Koleksi 23

189 16 1
                                    


Bang Daus terlihat mengkeret di dalam ruangannya sendiri padahal biasanya lelaki itu bersikap seperti raja tanpa rakyat yang memerintah kerajaan laboratorium konservasi dengan tangan besi. Ia semakin gugup setelah tamunya pergi beberapa menit yang lalu, meninggalkan dirinya hanya berdua dengan Mona.

"Eh ini dia yang diomongin udah dateng..." Hanya begitu tanggapan Krisna ketika mereka berdua menyadari kehadiran Mona.

Mona memberi lelaki itu tatapan membunuh.

"Oke deh kalo gitu..." Dengan santai Krisna bangkit dari duduknya. "Gue pergi dulu, Bro..." Ia menepuk bahu Bang Daus dengan akrab sebelum beranjak dari ruangan yang auranya tiba-tiba berubah aneh itu.

Seharusnya Mona menahan kepergian lelaki itu sebelum ia mendapatkan penjelasan. Apa maksudnya mengatai Mona mata duitan, pakai menyebut-nyebut keluarga mertuanya matre pula. Walaupun itu memang kenyataan, tapi Mona tak suka masalah pribadinya menjadi konsumsi publik seperti ini. Tapi Mona membiarkan Krisna melenggang bebas. Ia jijik dengan lelaki itu. Toh ia punya pilihan. Ada orang lain yang bisa ditanyainya tentang maksud pembicaraan tadi.

Ekspresi Bang Daus bertambah ngeri. Di matanya Mona terlihat seperti Medusa tanpa rambut ular. Wanita itu memang cuma diam sambil menyilangkan tangan di depan dada, tapi tatapannya begitu mematikan hingga seakan bisa mengubah siapa pun menjadi batu. Atau menjadi sesuatu yang lebih mengerikan lagi. Menjadi konservator yang sebentar lagi tak akan menjabat konservator lagi, misalnya.

"Lo...ehem..." Lelaki itu akhirnya menemukan suaranya lagi. Tapi suaranya masih terdengar seret jadi ia harus berdeham dulu, "...lo mau ambil koleksi ya, Mon?"

Bang Daus mencoba memainkan peran pura-pura tak ada apa pun yang terjadi.

"Iya..."

Jawaban Mona itu memberi Bang Daus ekspresi lega.

"...tapi ada hal lain yang lebih penting."

Mona lantas duduk di kursi di depan Bang Daus untuk memaksanya bercerita. Si tersangka malah kesulitan menjawab sementara tubuhnya berkhianat dengan memproduksi lebih banyak keringat dingin.

*

Jika biasanya Mona memilih mengambil jalur paling dekat manakala hendak menuju storage koleksi, maka kali ini ia mengambil jalan memutar yang lebih sepi.
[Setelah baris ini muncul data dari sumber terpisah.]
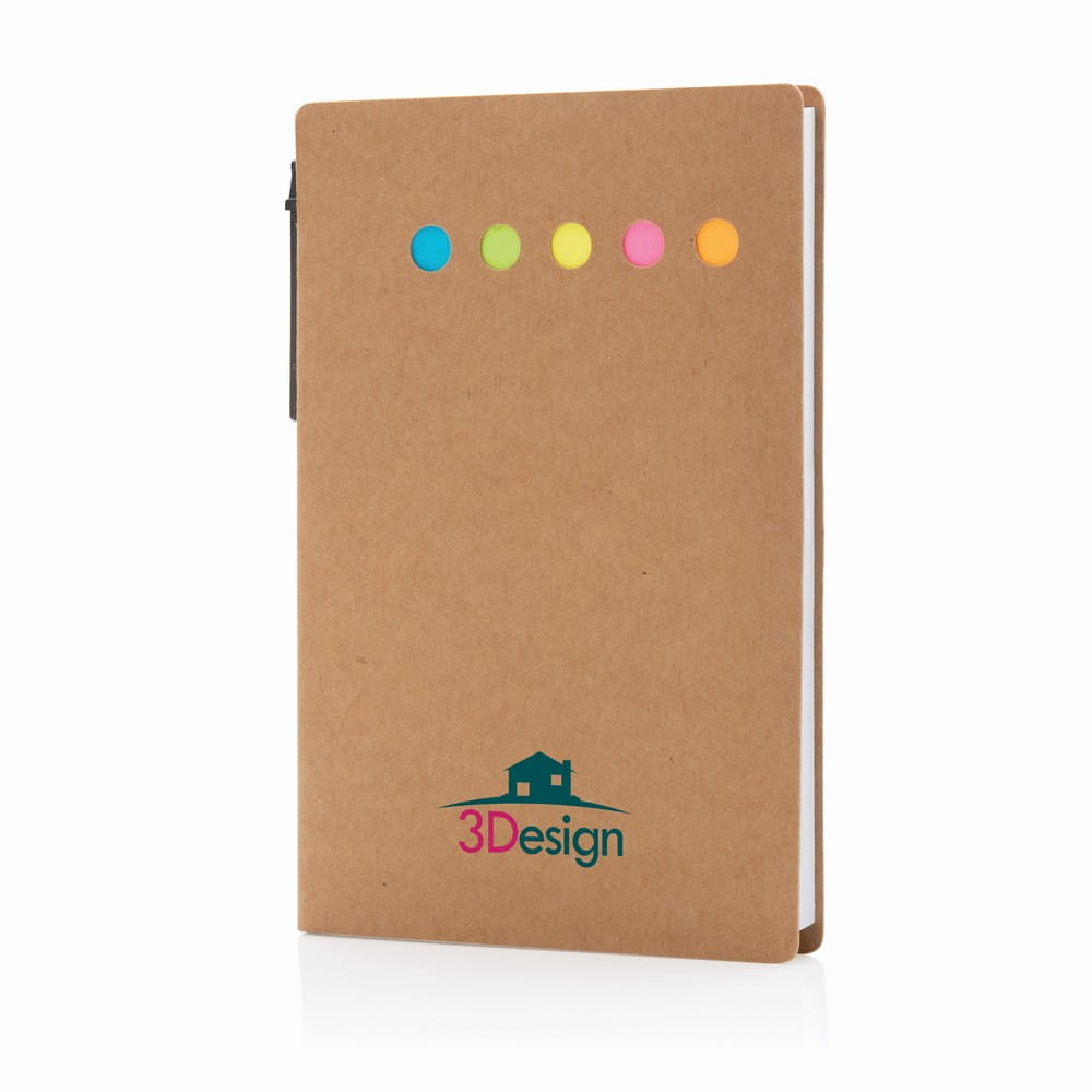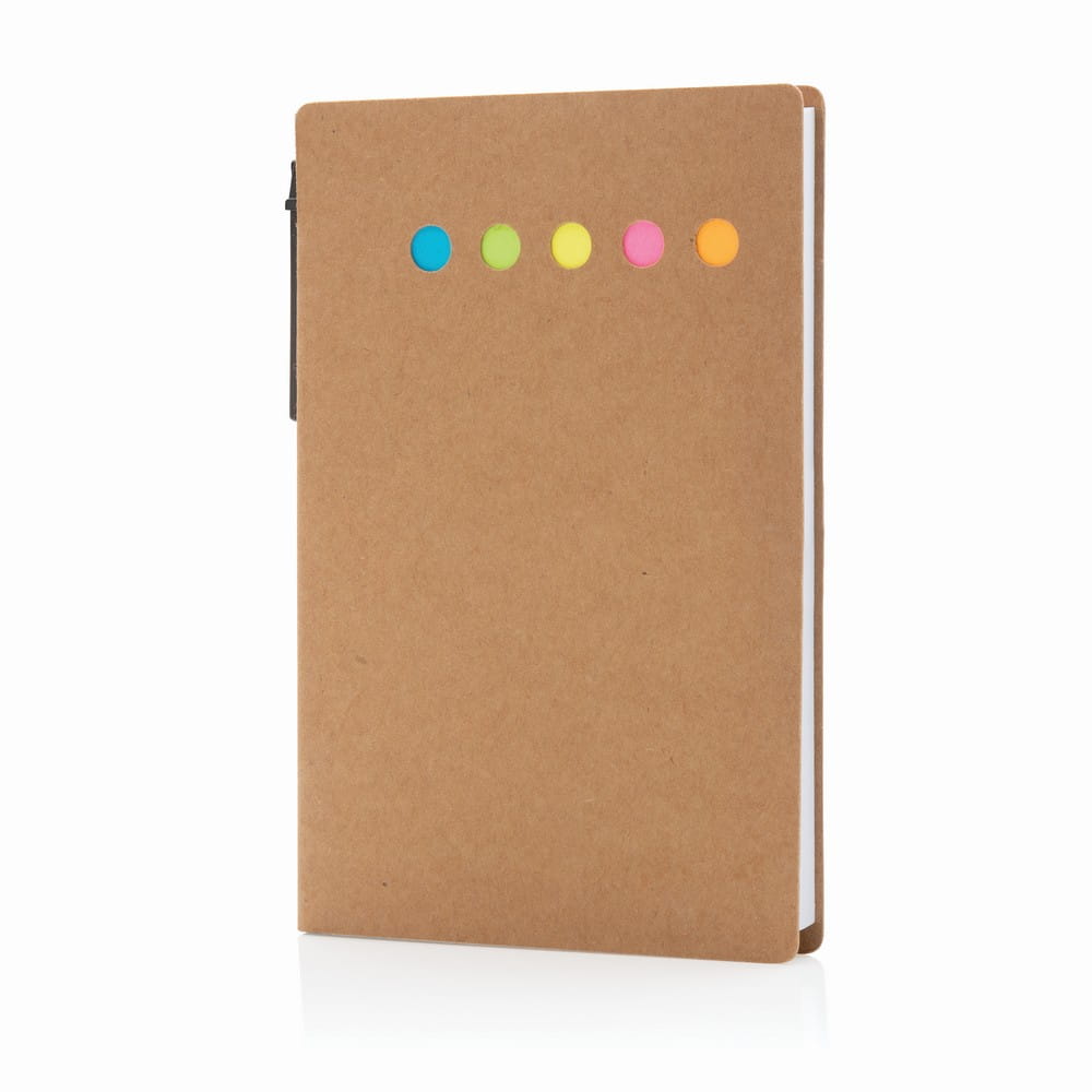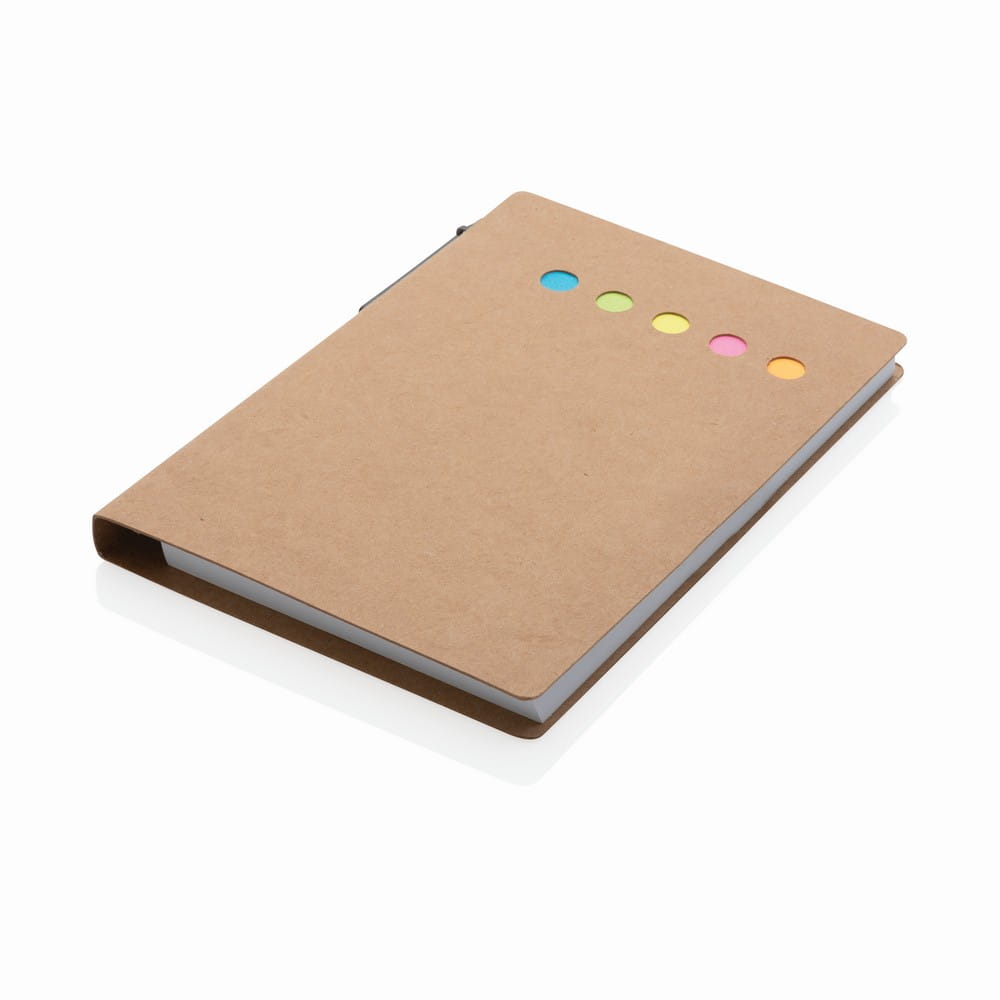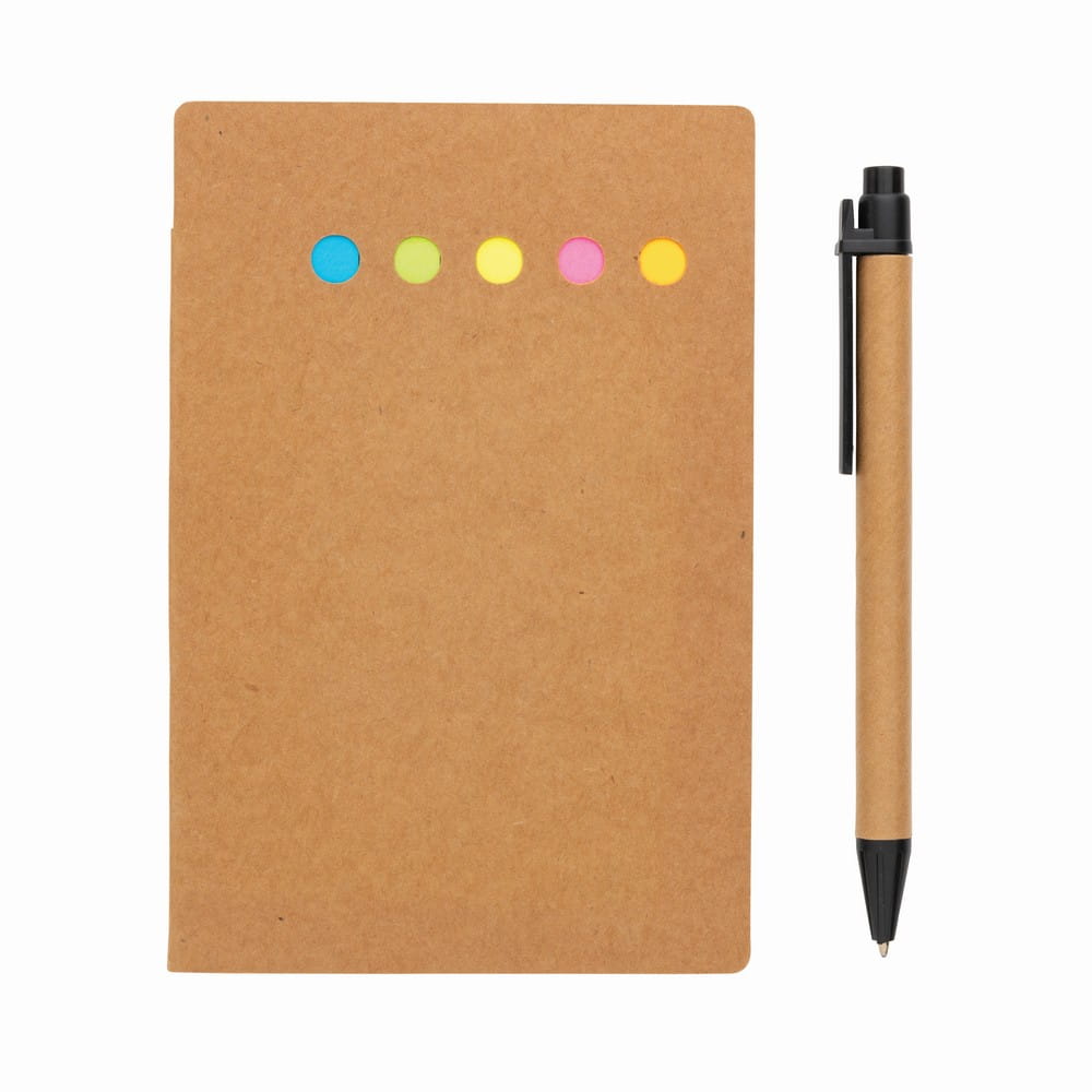 Zestaw do notatek, karteczki samoprzylepne, w zestawie mały długopis wykonany z papieru z recyklingu i ABS, niebieski tusz, długość pisania do 800 m, okładka z papieru kraftowego o gramaturze 350 g/m2, wewnątrz bloczek większych karteczek 50 szt., oraz 4 małe bloczki i jeden średni zawierające 25 kartek każdy

Ia sedang tak ingin bertemu manusia mana pun. Apalagi manusia yang ia tahu persis sedang menjadikannya objek fitnah.

Fitnah.

Mona pikir tak berlebihan jika merasa dirinya sedang difitnah.

Satu-satunya manusia yang ditemui Mona dalam perjalanan singkat itu adalah salah satu security yang kebetulan sedang melakukan kontrol di area seputar storage. Mereka hanya saling melempar senyum, tapi Mona yakin dalam hatinya, security itu sedang berpikir yang tidak-tidak mengenai dirinya.

Ya ampun, ia jadi paranoid sekarang.

Mona meraih kartu aksesnya dan mencoba membuka pintu. Suara bip pelan menandakan kalau pintu besi nan berat itu telah terbuka. Saat ini nama 'Ramona Tara Laksmi-Kepala Kurator' pasti telah tercatat di log sebagai orang yang memasuki storage pada jam ini. Jika ada kasus kehilangan koleksi pada saat ini atau beberapa jam setelahnya maka ia pasti akan...

Oh stop it, Mona!

Suara pintu tertutup menjadi musik yang menyambut Mona setelah ia melangkahkan kaki ke dalam. Lampu-lampu menyala otomatis, menjadikan ruangan tersebut terang-benderang. Dengung mesin pendingin yang terus menyala selama dua puluh empat jam setiap harinya menjadikan ruangan tersebut luar biasa dingin.